What needs to be done:
Please copy out the full listing that follows exactly; no picture belongs in the copy.

Supplied information:
-*-
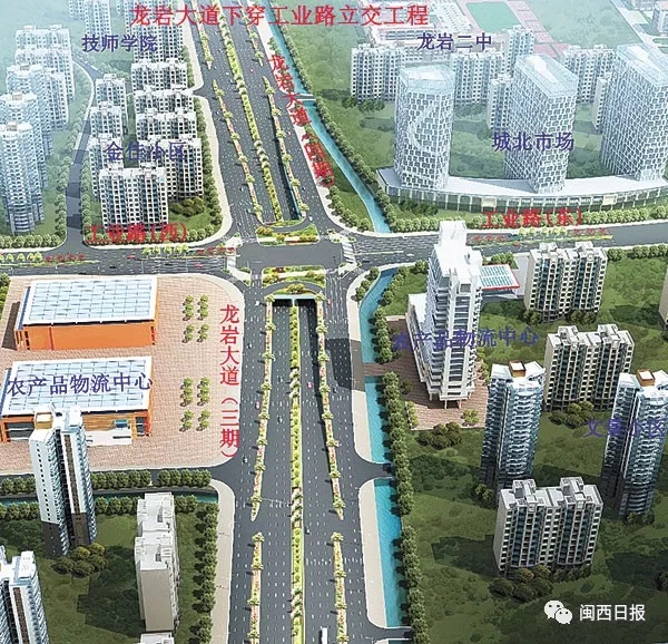 项目位于龙岩大道与工业路交叉口,为现状龙岩大道三期道路上设置下穿通道,起始于规划支路农产品物流配送中心路口,终止于龙岩大道四期龙岩第一技师学院东侧,全长383米,其中框架涵长度80米,U型槽长度303米,地道净宽2×13米,双向六车道。主通道两侧设置两道南北向人行地下通道,人行通道断面型式:5×3.5米,主通道长124米,梯道长128米,总投资约2亿元。
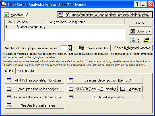 Открывается модуль, в котором реализованы практически все современные методы анализа и прогнозирования, и который будет постоянно использоваться при выполнении курсового проекта (рис. 2.20). С помощью кнопки Variables выбираем необходимую переменную и получаем следующий вид окна (рис. 2.21).
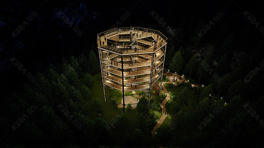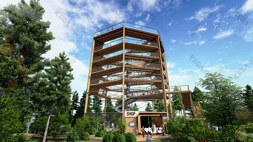 1、塔長23米,寬23米,高25米,由八根立柱圍合成正八邊形; 2、售票處位于塔體外側(cè),并設(shè)有鋼構(gòu)樓梯,上行8米到達(dá)一層平臺; 3、一層平臺往上可通過螺旋木棧道到達(dá)塔頂,棧道分五層,每層高三米; 4、一層平臺處設(shè)有旋轉(zhuǎn)滑梯,可劃至塔底,滑梯直徑0.95米,總長33米; 5、底層設(shè)有臨時商店,可為游客提供簡易餐飲; 6、出入口進(jìn)行分流設(shè)計,避免擁堵,給游客營造一個良好的游玩環(huán)境,也方便景區(qū)管理。
-*-
Exercise solution:
 项目位于龙岩大道与工业路交叉口,为现状龙岩大道三期道路上设置下穿通道,起始于规划支路农产品物流配送中心路口,终止于龙岩大道四期龙岩第一技师学院东侧,全长383米,其中框架涵长度80米,U型槽长度303米,地道净宽2×13米,双向六车道。主通道两侧设置两道南北向人行地下通道,人行通道断面型式:5×3.5米,主通道长124米,梯道长128米,总投资约2亿元。
 Открывается модуль, в котором реализованы практически все современные методы анализа и прогнозирования, и который будет постоянно использоваться при выполнении курсового проекта (рис. 2.20). С помощью кнопки Variables выбираем необходимую переменную и получаем следующий вид окна (рис. 2.21).
 1、塔長23米,寬23米,高25米,由八根立柱圍合成正八邊形; 2、售票處位于塔體外側(cè),并設(shè)有鋼構(gòu)樓梯,上行8米到達(dá)一層平臺; 3、一層平臺往上可通過螺旋木棧道到達(dá)塔頂,棧道分五層,每層高三米; 4、一層平臺處設(shè)有旋轉(zhuǎn)滑梯,可劃至塔底,滑梯直徑0.95米,總長33米; 5、底層設(shè)有臨時商店,可為游客提供簡易餐飲; 6、出入口進(jìn)行分流設(shè)計,避免擁堵,給游客營造一個良好的游玩環(huán)境,也方便景區(qū)管理。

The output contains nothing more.